The sole issue presented for review is whether Ellis, a creditor of the estate whose name and whereabouts were known, received sufficient notice under the due process clause of the fourteenth amendment of the United States Constitution and article I, section 2, of the Illinois Constitution (U.S. Const., amend. XIV; Ill. Const. 1970, art. I, §2) of the proceedings in the Sutherland estate to afford him an opportunity to file his claim prior to the running of the claims limitation period. The trial court found that he had. For the following reasons, we affirm the decision of the trial court.

Ellis had assisted Lawrence Laird Sutherland in the management of- certain real estate Sutherland owned and continued to provide services after his death. On January 31, 1988, Sutherland (decedent) died testate. On August 8, 1988, Ellis, a creditor of the estate, appeared through his attorney, Hugh J. Schwartzberg, before the trial court and presented a petition for probate of will and for letters of administration with the will annexed seeking to nominate himself as administrator of the estate. Thomas Chuhak, the public administrator, also appeared through his attorney before the trial court that day pursuant to notice given to him of Ellis’ petition. Also appearing was a representative of the State’s Attorney’s office. The court entered an order granting all parties leave to answer or otherwise plead to the petition, which was not filed but continued to August 16, 1988, for hearing.

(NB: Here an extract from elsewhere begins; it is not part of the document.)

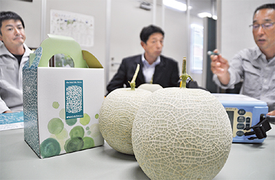 「おかげさまで予約が多く、やや品薄になっています」と嬉しい悲鳴を上げる同農園の松浦真さん。「非破壊糖度計で独自規格を設定。食味や熟成度など慎重に吟味して販売しています」と話す。
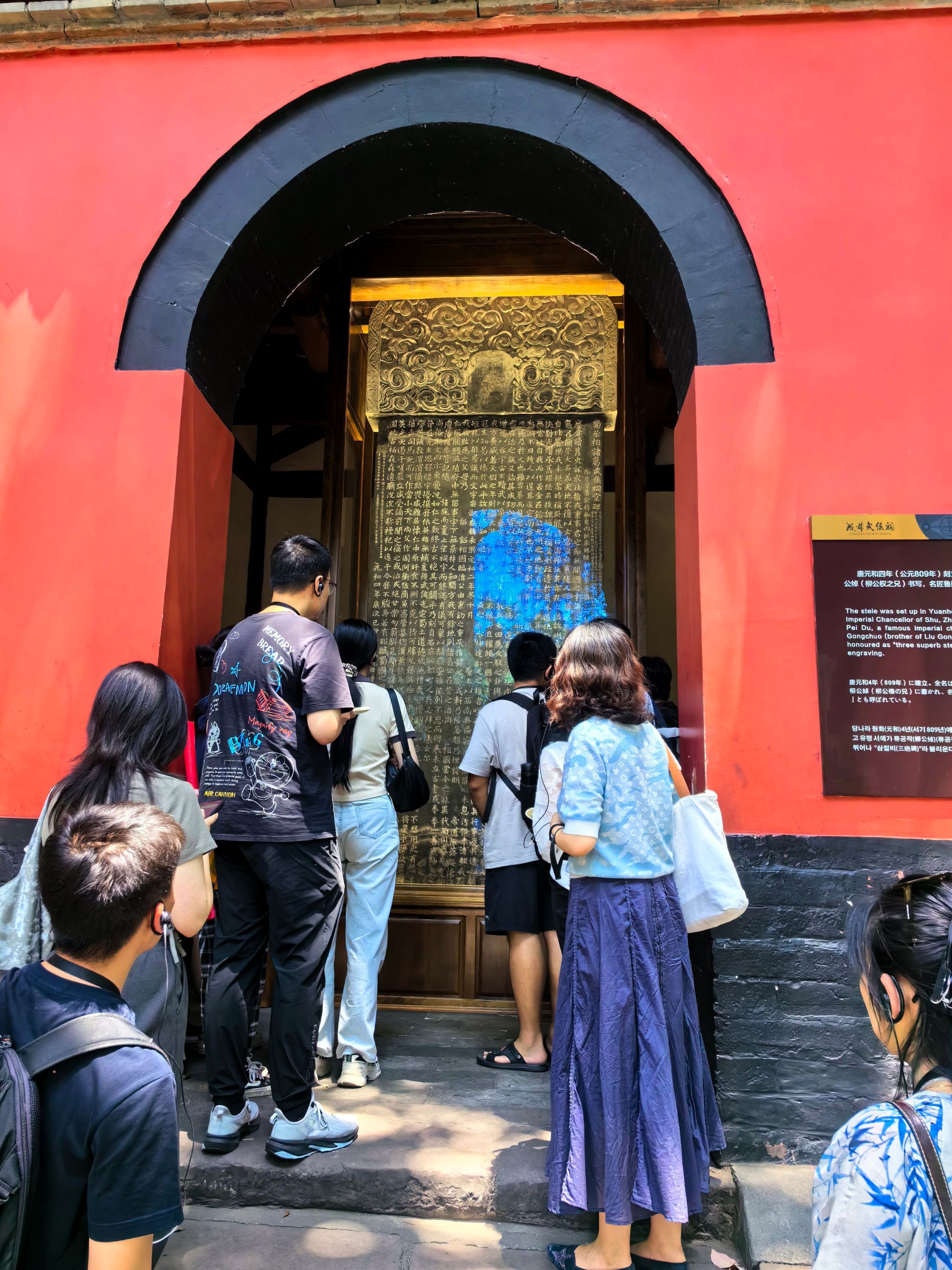师生党员沿着廉洁教育专线,跟随着讲解员依次参观唐碑、汉昭烈庙、静远堂等三国历史遗迹,深入了解以诸葛亮、刘备、关羽、张飞等为代表的爱国名将的历史事迹,接受廉洁文化浸润,身临其境地体会蜀汉人物以身作则、身体力行的廉政精神和清正廉明的品质。

On August 16, 1988, the petition seeking to appoint Ellis as the personal representative of the Sutherland estate was filed with the clerk of the probate division of the circuit court of Cook County. Thomas Chuhak, as the public administrator of Cook County, also filed his petition for letters of administration to collect and cross-petition for letters of administration with the will annexed the same day. It is unclear from the record whether copies of these petitions were served upon Ellis or his attorney. However, Ellis and/or his attorney were in court on August 8, when the court set the August 16 date for further hearing. On August 16, 1988, the court entered an order appointing Thomas Chuhak the administrator to collect the estate of Sutherland. The record does not reflect that copies of this order were sent to Ellis or his attorney, nor does it reflect that these actions by the court were opposed by Ellis or the State’s Attorney.

Pursuant to the authority granted, the public administrator petitioned the court in September of 1988 to sell certain securities of the *283estate. Notice of this petition was sent to Ellis’ attorney, Schwartz-berg, and to the State’s Attorney. Permission was subsequently granted by the court without opposition.

On February 2, 1989, a copy of Chuhak’s amended petition for letters of administration with the will annexed, along with a notice of motion stating that on February 9, 1989, he would present his amended petition to the court, was sent to Schwartzberg. On February 9, 1989, letters of office were issued to Thomas Chuhak as administrator with the will annexed. On February 17, 1989, pursuant to the provisions of the Probate Act of 1975 in effect at that time (Ill. Rev. Stat. 1987, ch. llO1^, par. 18 — 3), the administrator caused publication to be made in which the statutory period for filing claims against the estate was fixed at six months, commencing on February 9, 1989, and ending on August 9,1989.

In May 1989, Mrs. Bayne Cherami Dean (Dean), decedent’s sole heir and legatee, apparently discussed the management of the estate’s real estate with Ellis. On May 23, 1989, by letter to Ellis in care of Hugh Schwartzberg, his attorney, she gave Ellis specific instructions regarding the management of the estate’s real property. In that letter Dean requested Ellis to prepare a bill for his services from the date of Sutherland’s death to current date, to send it to her for approval, and she would submit it to the administrator for payment.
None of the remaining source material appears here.